Pembentukan surfaktan dipengaruhi pH normal, suhu dan perfusi.


Asfiksia, hipoksemia, dan iskemia pulmonal; yang terjadi akibat hipovolemia,
hipotensi dan stress dingin; menghambat pembentukan surfaktan. Epitel yang
melapisi paru-paru juga dapat rusak akibat konsentrasi oksigen yang tinggi dan
efek pengaturan respirasi, mengakibatkan semakin berkurangnya surfaktan.
Berkurangnya surfaktan dapat berakibat pada kegagalan pengembangan paru dan
menyebabkan bayi tidak bisa bernapas secara mandiri setelah dilahirkan, maka
dari itu perlu dilakukan pemeriksaan dengan amnionsintesis dan memeriksa kadar
lecithin dalam cairan amnion pada masa ANC, utamanya pada ibu dengan faktor
risiko melahirkan premature. (Nelson, 2014)

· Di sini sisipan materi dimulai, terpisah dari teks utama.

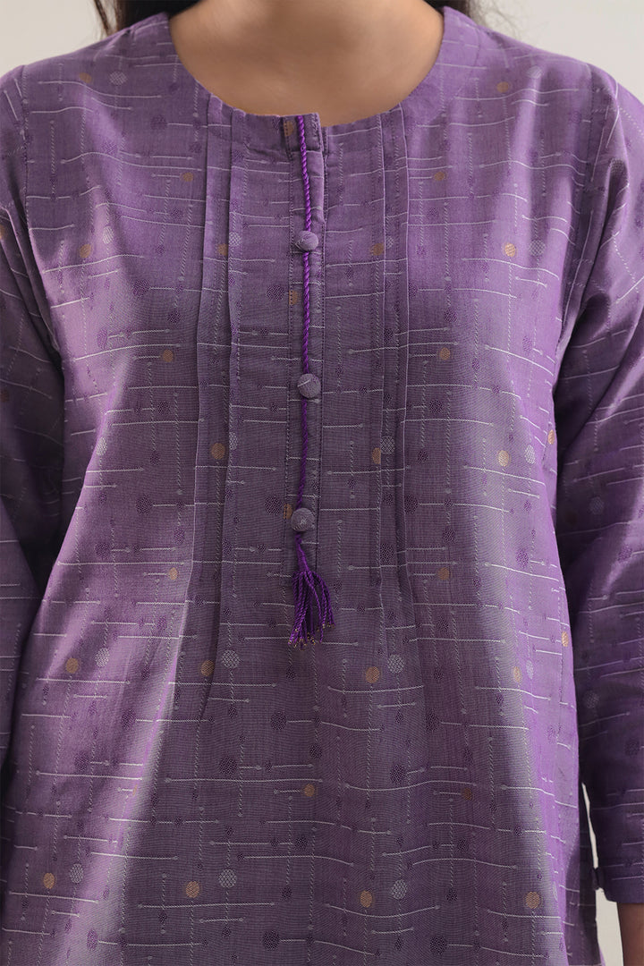 Regal And Elegant, This SAYA Cotton Jacquard Stitched 2-Piece In Majestic Purple Imbues Poise With Ease. Expertly Woven In Rich Cotton Jacquard, The Fabric Boasts A Distinctive Textured Weave That Captures Light And Adds Depth. The Shirt Is Meticulously Tailored With Sharp Seams And A Clean Finish, While The Coordinated Trouser Complements With A Harmonious Silhouette. Designed For Graceful Presence, This Ensemble Is Perfect For Day To Evening Events, Festive Gatherings, Or Sophisticated Soirées. A Statement Of Understated Luxury That Effortlessly Meets Fashion And Function.
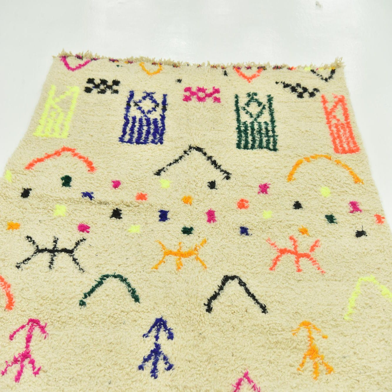 A soft ivory field provides a neutral, warm foundation for a lively array of tribal-inspired motifs. Scattered diamond lozenges, arch shapes, arrowheads and vertical column patterns are hand-knotted in black, blue, gold, green, orange, purple, red, pink and yellow, forming an informal, rhythmic composition across the pile. The surface is hand-knotted from 100% wool, creating a dense, tactile pile that feels cushioned underfoot and shows subtle variation where the colored knots meet the ivory background; a short fringe finishes one edge for a handcrafted look.

Etiologi lain adalah adanya supresi dari kerja syaraf pengatur pusat
pernapasan. Hal ini dapat disebabkan oleh banyak hal, mulai dari congenital,
hingga adanya efek dari anastesi yang diberikan kepada ibu. Anastesi tersebut
dapat menembus sawar plasenta sehingga berpengaruh pula pada janin dalam
supresi kerja syaraf. Selain itu masih banyak etiologi dan patofisiologi yang dapat
terjadi sehingga menyebabkan gangguan napas pada bayi baru lahir, misalnya
seperti ketuban pecah dini. Ketuban pecah dini menyebabkan oligohydramnion.
Berkurangnya cairan ketuban ini menimbulkan supresi pada vena umbilicalis,
sehingga akan menyebabkan janin asfiksia dini, dan tentunya akan berpengaruh
pada adaptasi saat janin tersebut dilahirkan. (Nelson, 2014)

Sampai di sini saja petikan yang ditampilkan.